• THE PROBLEM:
The pictures in the listing below are to be skipped, while the lines between the line holding "Za video sadržaj: dimenzije" and the line holding "Ոստիկանները ԱԺ շենքի", inclusive, are to be output exactly.
START RECORDS FOR THE TASK
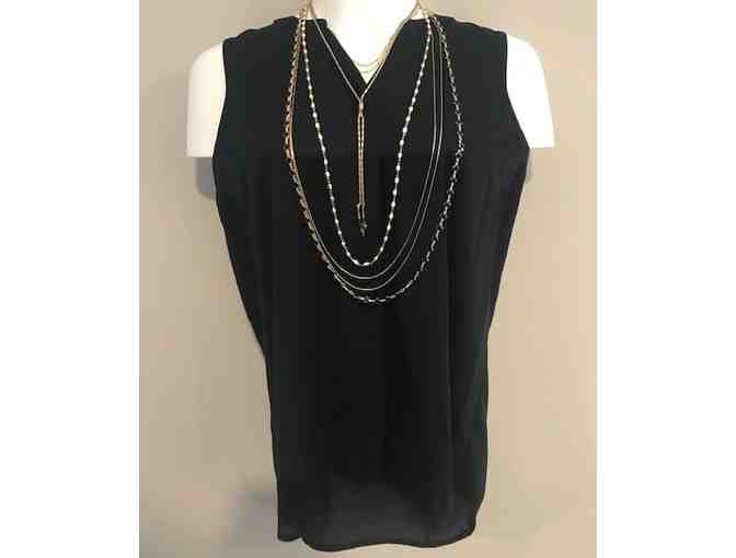 Adding more elegance is this Stella & Dot Terney Layered Necklace. Six strands all in one style. Black and blush enamelled strands mix with semi shiny gold chains. A stylish beaded lariat with a genuine leather detail perfectly nests between delicate ball chain chokers and the base strands. Wear each strand separately or mix and match to fit your look.
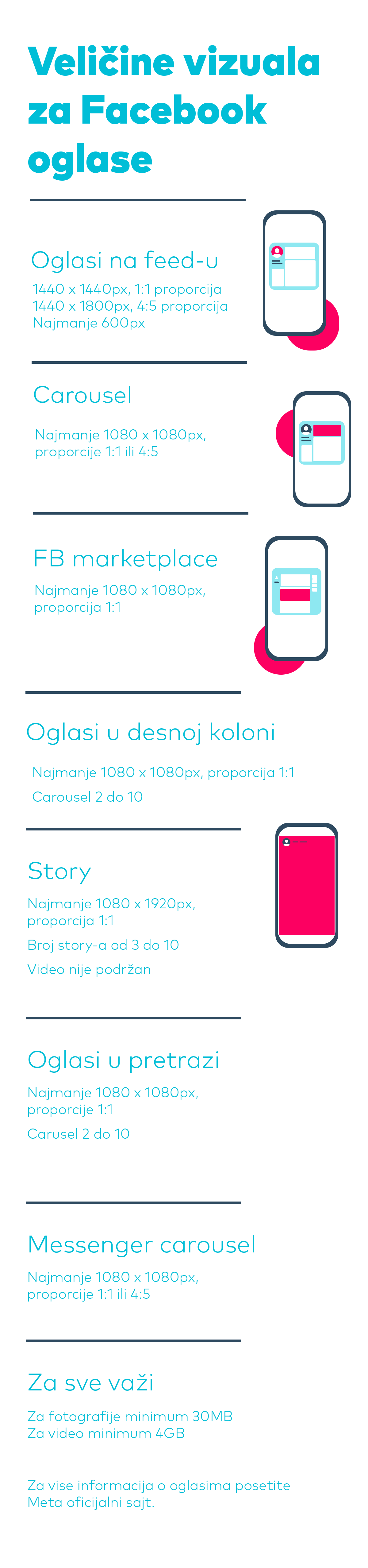 Za video sadržaj: dimenzije mogu biti od 256 x 144 px do 4096 x 2304 px, sa proporcijama od 1:2.4 do 2.4:1
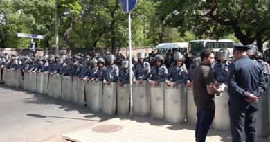 Ոստիկանները ԱԺ շենքի մոտ՝ վահաններով և սաղավարտներով
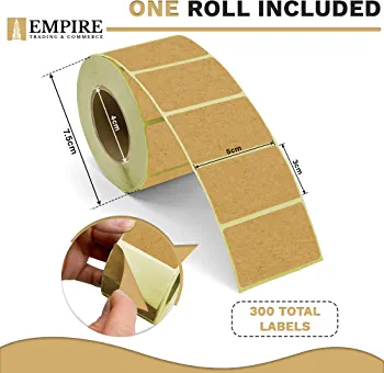 | nameOriginal | Empire 300 Sticker Labels, 5cmx3cm Label Stickers, 80GSM Brown Kraft Paper Sticky Labels, Self-Adhesive Address Mailing Labels for Offices and Supermarkets, Labels for Kitchen Jars |
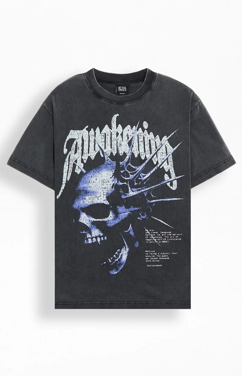 The Awakening T-Shirt from Bittersweet gives your casual wardrobe an edgy touch. This vintage wash tee features a classic crew neckline, short sleeves and a striking front graphic making it perfect for anyone who wants to stand out.
END RECORDS FOR THE TASK
• EXERCISE SOLUTION:
 Za video sadržaj: dimenzije mogu biti od 256 x 144 px do 4096 x 2304 px, sa proporcijama od 1:2.4 do 2.4:1
 Ոստիկանները ԱԺ շենքի մոտ՝ վահաններով և սաղավարտներով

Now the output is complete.